Lake Tahoe towns will grow taller and denser under a new regional plan that supporters hope will quell a rebellion by Nevada against land use regulations that have restricted development in the basin.
The new plan is intended to rid the area of some of its midcentury strip development and turn town centers into more inviting, greener destinations that will revive the area's ailing economy.
But the success of the strategy is far from guaranteed. Some traditional environmental defenders of the lake — one of the world's deepest and clearest — endorsed the plan primarily to persuade Nevada to remain in a 1969 compact with California. The pact created the Tahoe Regional Planning Agency and set the framework for strict environmental controls in the basin, which straddles the two states.
"The plan does include a lot of positive elements, including community revitalization, redevelopment and bike paths," said Darcie Goodman Collins, executive director of the League to Save Lake Tahoe. "But these things may come at a price, which is taller and more dense development close to the lake."
The planning agency, which enforces the regional plan, has long been a target in the basin. Homeowners have complained that its regulations are onerous, and local officials have grumbled that it has too much authority.
The grousing reached a head last year when Nevada enacted legislation warning that it would pull out of the bi-state compact if California didn't make it easier to approve development.
"It was a sledgehammer," said Laurel Ames of the Tahoe Area Sierra Club. She condemned the new plan for handing the authority to grant permits back to local towns and clearing the way for more development in the scenic basin.
In the wake of Nevada's ultimatum, California and Nevada officials convened representatives from the two states, local government, business and conservation groups to work out a compromise. The result was the regional planning board's adoption earlier this month of an updated plan.
Much of the construction in the Tahoe basin took place before strong environmental controls were imposed. By the 1980s, more than half of the region's marshes and wetlands had been filled in or paved over. The world-famous clarity of the lake was declining by roughly a foot a year, diminished by sediment and pollutants washing into the lake from roads and urban areas.
Though the decline in lake clarity has slowed, today's clear depth, about 69 feet, is much shallower than the roughly 97 feet measured in 1967.

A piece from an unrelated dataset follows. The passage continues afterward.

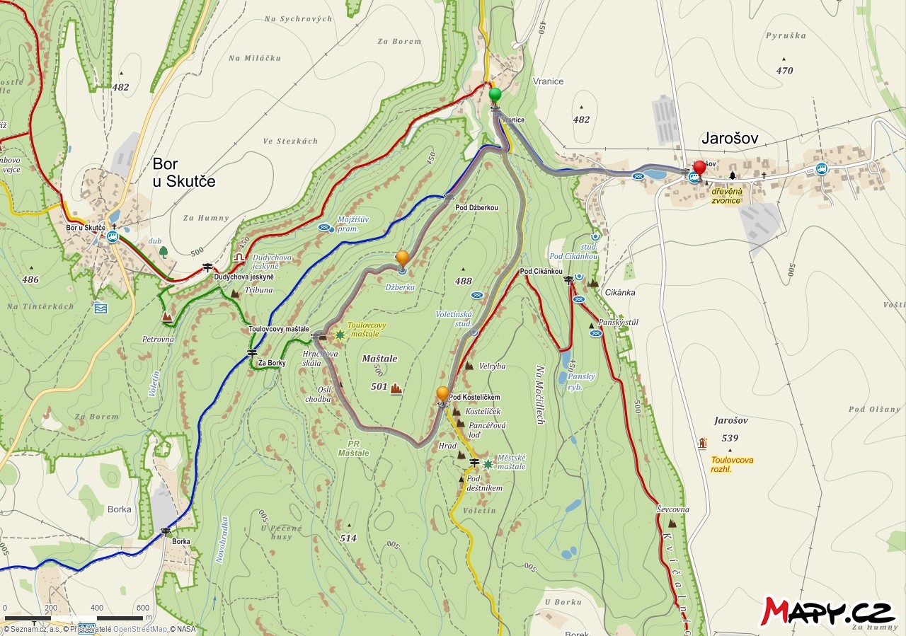 Zaparkovali jsme v Jarošově a odtud se vydali po modré značce směr Vranice. U rozcestníku ve Vranicích pokračujeme po červené značce směr Toulovcovy maštale. Celou cestu máme okolo sebe krásné lesy, pískovcové Skály a spoustu květin. V Toulovcových maštalích se můžete chvíli zdržet, dát si sváču, odpočinout a nebo celou dobu prolézat jednu skalní chodbu za druhou. Pokračujeme dále po červené a na rozcestníku pod Kostelíčkem odbočíme na žlutou, která nás dovede zpět do Vranic a modrá až na výchozí bod v Jarošově.

The path to recovery, officials say, lies in redevelopment with greener infrastructure that helps keep sediment, nitrogen and phosphorus out of the lake. And the way to get that, they decided, is to make new projects financially attractive to developers by allowing more density and height in the basin's town centers.
"Nobody wants Tahoe to become something it's not," said Leo Drozdoff, director of the Nevada Department of Conservation and Natural Resources. "But we would like smart, environmentally sensitive development that can pencil out, that people want to take part in."
The new planning blueprint, an overdue update of the 1987 regional plan, will allow more four-story buildings in town centers and more six-story buildings in what has been designated the regional center — the area around the Highway 50 corridor in South Lake Tahoe.
The plan increases density limits in the centers and creates a new "resort recreation" zone for two areas, opening them to development: 250 acres next to the four high-rise hotel casinos in south Stateline, Nev., and 57 acres at the base of Heavenly Mountain Resort.
The update also expands an existing program of development rights that allows builders to transfer the rights from lots where older buildings in ecologically sensitive areas are razed, to new projects in town centers.
"The concept of this plan is against sprawl and to remove existing development from outlying areas and concentrate it in visitor centers," said Joanne Marchetta, executive director of the regional planning agency.
But will the strategy succeed?
"I think there are enough safeguards in the plan to protect the lake where things won't get worse," said Kyle Davis of the Nevada Conservation League. "Now, whether they'll get better" is uncertain, he added. "What we've designed may not work in terms of older development going away and cleaner and greener development in its place."
More projects will be required only to obtain local permits, escaping regional review, a change that Ames said did not bode well for the basin environment. "The local governments have not shown an interest in environmental protection measures," she said.
Local approvals can be appealed to the regional agency, and local plans will have to conform to regional standards. "This is not by any means unfettered," Marchetta said. "The locals want to protect the lake as much as [the Tahoe Regional Planning Agency] does…. I think we've come some distance in environmental sensibility and sensitivity over 40 or 50 years."
Nevada state Sen. John Lee, the Clark County Democrat who sponsored last year's law to withdraw from the compact, said his bill was intended to get California's attention. "They look over and see us as like a county. We had to let 'em know we were here and we're a valuable friend, that we weren't going to be continually dismissed," he said. "To their credit, they've been fantastic."
But the threat to pull out remains on the books. And Nevada officials have not signaled that they are ready to repeal it. "A lot of people want to take a wait and see approach," Drozdoff said.